**Task directions:**
Leaving the images out, output each entry below exactly.

***

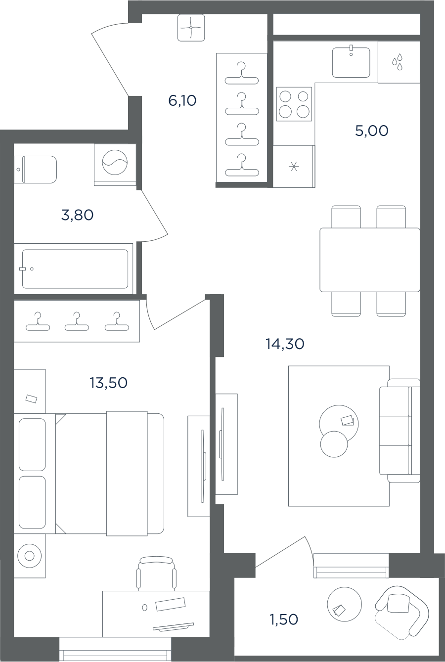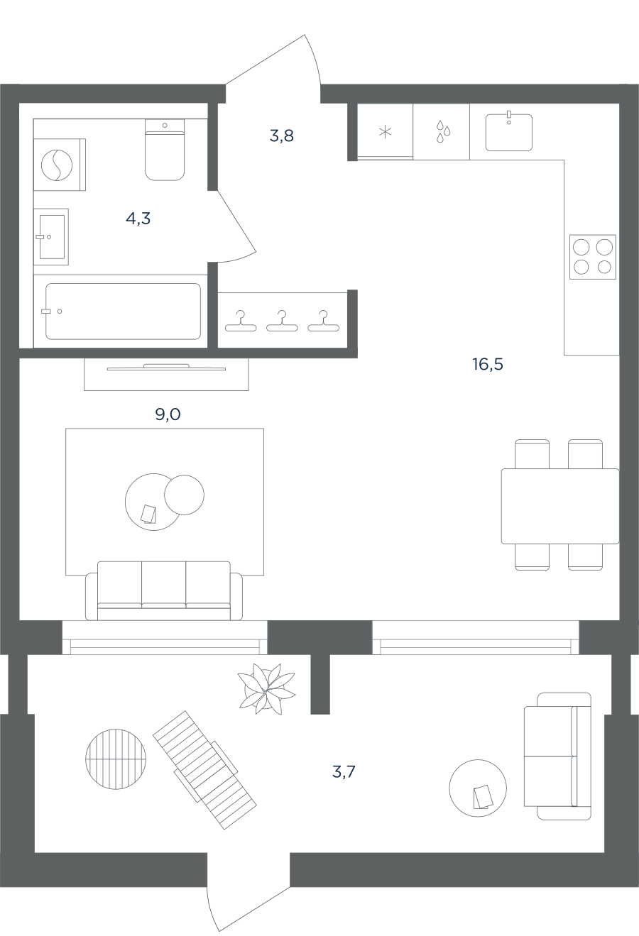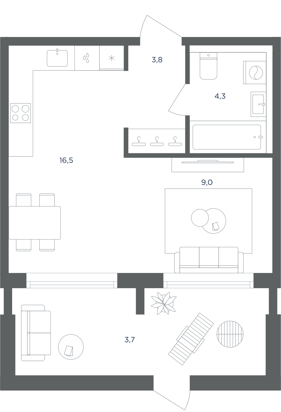Покупатели могут выбрать квартиры разных площадей и планировок. Это могут быть как квартиры, так и апартаменты площадью от 27 до 93 кв. м. Среди предложений есть квартиры евроформата. На последних этажах у всех квартир имеются видовые террасы. А в распоряжении жителей первых этажей — собственные участки придомовой территории.
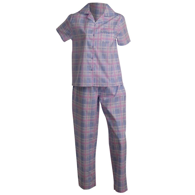- These ladies tartan check pyjamas sets by Slenderella include a short sleeved button up top with a chest pocket and a pair of full length trouser bottoms with an elasticated waist. These PJ sets are made from 65% polyester and 35% cotton, making them long lasting and easy care and perfect for keeping you cool during the warmer spring and summer months.
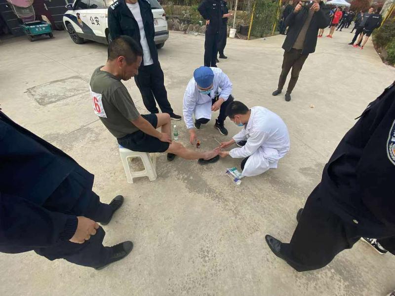 中午经过简单休整后,王金为的大腿拉伤非但没有好转,还有更加严重的趋势,吴海峰副局长、杨庆大队长多次劝他退出比武,仍然被他毅然拒绝了。就这样,他拖着一条伤腿又站在10公里徒手越野跑的赛道上。然而在赛程过半,距终点4000米处,王金为的伤势更加明显,豆大的汗珠不停往下砸,连现场的医生都已经认定他难以支撑比赛,坚决劝他放弃。可王金为还是摆手拒绝,他强忍伤痛,坚持着在赛道上奔跑,终于,以惊人的毅力冲过了终点。此时,受伤的身体再也支撑不住,他一下子就栽倒在了地上,被大家抬着去医院就诊治疗。
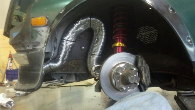 I bought dinky 3" alum flange things from Aircraft Spruce and 3" Toaster Oven duct from Lowes. It doest rub at full lock static. Who knows what will happen after I launch off a burm sideways this weekend. I squirted directly at the vented rotor center. -
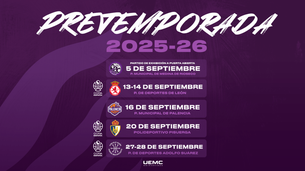 Entremedias de la exhibición y el amistoso en tierras palentinas comenzará la Copa España contra la Cultural y Deportiva Leonesa. El partido será el 14 de septiembre (18:30) en el Pabellón de los Deportes de León. El conjunto morado afrontará después los otros dos encuentros pertenecientes a la Copa España. El 20 de septiembre (19:00) en Pisuerga ante el SDP Ponferrada y cerrará la pretemporada, y la fase de grupos del torneo copero, el 27 de septiembre (20:00) contra el Circulo Gijón Baloncesto en el Pabellón de los Deportes Adolfo Suarez.
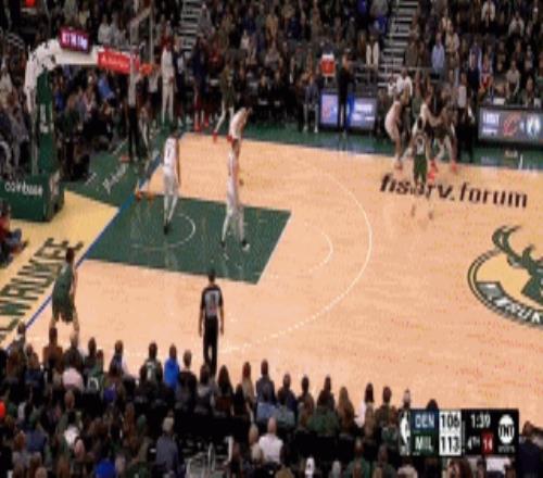 在2月28日对阵丹佛掘金队的比赛第四节还剩1分34秒时,密尔沃基雄鹿队的大前锋扬尼斯-阿德托昆博在三分线外接到传球,稍作停顿调整。
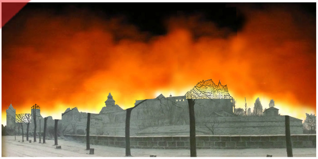 Auschwitz-Birkenau. Überblenden. Damals-Jetzt

***

**Task result:**
Покупатели могут выбрать квартиры разных площадей и планировок. Это могут быть как квартиры, так и апартаменты площадью от 27 до 93 кв. м. Среди предложений есть квартиры евроформата. На последних этажах у всех квартир имеются видовые террасы. А в распоряжении жителей первых этажей — собственные участки придомовой территории.
- These ladies tartan check pyjamas sets by Slenderella include a short sleeved button up top with a chest pocket and a pair of full length trouser bottoms with an elasticated waist. These PJ sets are made from 65% polyester and 35% cotton, making them long lasting and easy care and perfect for keeping you cool during the warmer spring and summer months.
 中午经过简单休整后,王金为的大腿拉伤非但没有好转,还有更加严重的趋势,吴海峰副局长、杨庆大队长多次劝他退出比武,仍然被他毅然拒绝了。就这样,他拖着一条伤腿又站在10公里徒手越野跑的赛道上。然而在赛程过半,距终点4000米处,王金为的伤势更加明显,豆大的汗珠不停往下砸,连现场的医生都已经认定他难以支撑比赛,坚决劝他放弃。可王金为还是摆手拒绝,他强忍伤痛,坚持着在赛道上奔跑,终于,以惊人的毅力冲过了终点。此时,受伤的身体再也支撑不住,他一下子就栽倒在了地上,被大家抬着去医院就诊治疗。
 I bought dinky 3" alum flange things from Aircraft Spruce and 3" Toaster Oven duct from Lowes. It doest rub at full lock static. Who knows what will happen after I launch off a burm sideways this weekend. I squirted directly at the vented rotor center. -
 Entremedias de la exhibición y el amistoso en tierras palentinas comenzará la Copa España contra la Cultural y Deportiva Leonesa. El partido será el 14 de septiembre (18:30) en el Pabellón de los Deportes de León. El conjunto morado afrontará después los otros dos encuentros pertenecientes a la Copa España. El 20 de septiembre (19:00) en Pisuerga ante el SDP Ponferrada y cerrará la pretemporada, y la fase de grupos del torneo copero, el 27 de septiembre (20:00) contra el Circulo Gijón Baloncesto en el Pabellón de los Deportes Adolfo Suarez.
 在2月28日对阵丹佛掘金队的比赛第四节还剩1分34秒时,密尔沃基雄鹿队的大前锋扬尼斯-阿德托昆博在三分线外接到传球,稍作停顿调整。
 Auschwitz-Birkenau. Überblenden. Damals-Jetzt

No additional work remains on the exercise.